We exposed FaDu cells to PMPC Psomes formed with PMPC–PDPA copolymers with different polymerization degrees to explore the effect of NPC on cell binding. The uptake kinetics, reported in Figure S6a, show almost no differences for NPC = 12, 19, and 25, and a considerably decreased uptake occurs for NPC = 6. We estimated the corresponding Langmuir-Hill isotherm fraction of bound Psomes39 from the ratio between the four kinetics and the NPC = 25 reported in Figure S6b. We normalized the fluorescence per cell and represent the experimental fraction of bound Psomes, θ, in Figure 4b. For each receptor, we define its relative expression measured by Western blot (Figure 1a) as ϕζ = ϕNζ, with the parameter ϕ being a constant with dimensions [μm–2] and dependent on the cell type alone. The Psomes were produced with average radius, R = 40 nm, and the uptake experiments were performed with bulk concentration [P] = 3.5 × 10–10 M. The area per chain, σ0 = 6.17 nm2 and PC monomer unit length a0 = 0.257 nm, while the receptor volumes can be estimated from the structural data shown in Figures 2 and S2. Finally, the binding energy of the single PC unit, EB, as well as the two semiempirical parameters, uζ and bζ, were calculated from fitting of the docking data (Figure 2a). We can thus fit eq 9 for the experimental fraction of bound Psomes, θ, using the corresponding ϕ. In Figure 4b, we report the fitted experimental fraction of bound Psomes (and experimental data points) and the total binding energy calculated using eq 8 which shows a clear minimum at NPC ∼ 40. This indicates that by increasing the number of PC units we can increase the total avidity up to a certain limit. For NPC > 40, the steric repulsive potential dominates the overall interaction limiting the binding to the first PC unit on the Psome surface.

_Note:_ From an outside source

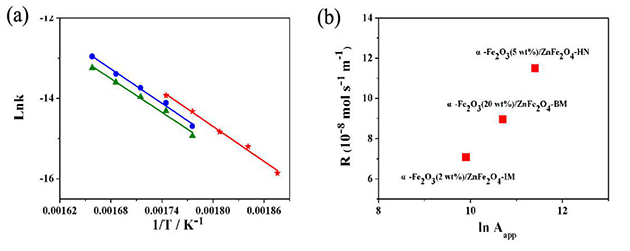 图2. (a)催化剂在n-丁烯氧化脱氢上的Arrhenius图:Fe2O3(5wt%)/ZnFe2O4-BM,蓝色●;Fe2O3(2wt%)/ZnFe2O4-IM,绿色▲;Fe2O3(5wt%)/ZnFe2O4-HN,红色★;

Influence of the Receptor Glycosylation on the Psome Binding

The PC units that cannot bind any more once the receptor binding site is filled are not the only source of steric repulsion: steric repulsion due to the cell glycocalyx must also be taken into account. We characterize the differences in cell glycocalyx through lectin-binding assay (Figure 5a). Lectin has a high binding affinity for glycoprotein N-acetylglucosamines and has been used to identify the glycocalyx composition.59 We show that the HDF cell line saturates at lower lectin concentrations than FaDu and THP-1, indicating the presence of more sugars in the glycocalyx. In Figure 5b we use the experimental values from Figure 1a to fix the NCD81, NCD36, and NSRB1 for the three different cell lines, to estimate the effect of the Psome radius and the degree of polymerization NPC on the binding energy. Moreover, in Figures 2b and 5c, we can see that both CD36 and SRB1 are highly glycosylated, with 10 glycosylation sites predicted for CD36 and 9 for SRB1, but only N102 is conserved among the two (Figures S1,S2c).

Figure 5.

Figure 5

Influence of glycans on Psome binding. Lectin binding assay to assess the amount of glycans on FaDu, HDF, and THP-1 cells (a). 3D heat maps showing the Psome surface coverage in the three cell lines analyzed, FaDu, HDF, and THP1, as a function of the Psome radius, R, and the PMPC degree of polymerization, NPC. The different panels correspond to different glycan compositions: from top to bottom, the polymerization degree of the branches is increased (b). 100 snapshots taken at 10 ns intervals for glycans depicted as sticks are superimposed onto the van der Waals surface representation of the receptor. The volume occupied by the glycans is highlighted as a semitransparent surface. 100 snapshots of the bound PMPC free chain (NPC = 4) are also depicted as magenta sticks in the binding site. Front and top views of the receptor-free chain complex are provided for SRB1 and CD36. In the bottom panel, a schematic representation of the DNeup5Aca2–6DGalpb1–4DGlcpNAcb1–2DManpa1–6[DNeup5Aca2–6DGalpb1–4DGlcpNAcb1–2DManpa1–3]DManpb1–4DGlcpNAcb1–4DGlcpNAcb1 complex glycans used in the MD simulations together with its all-atom representation and VDW surface (c). Scattered plot of the percentage of the receptor solvent accessible surface area (SASA) hidden by glycans as a function of the glycan radius of gyration for CD36 (blue) and SRB1 (orange). In the mirror axis, the receptor SASA is reported as a solid line (left). The probability density function (PDF) of the receptor volume and the receptor plus glycans extracted from a 1 μs molecular dynamics simulation is reported for CD36 (blue) and SRB1 (orange) (right) (d).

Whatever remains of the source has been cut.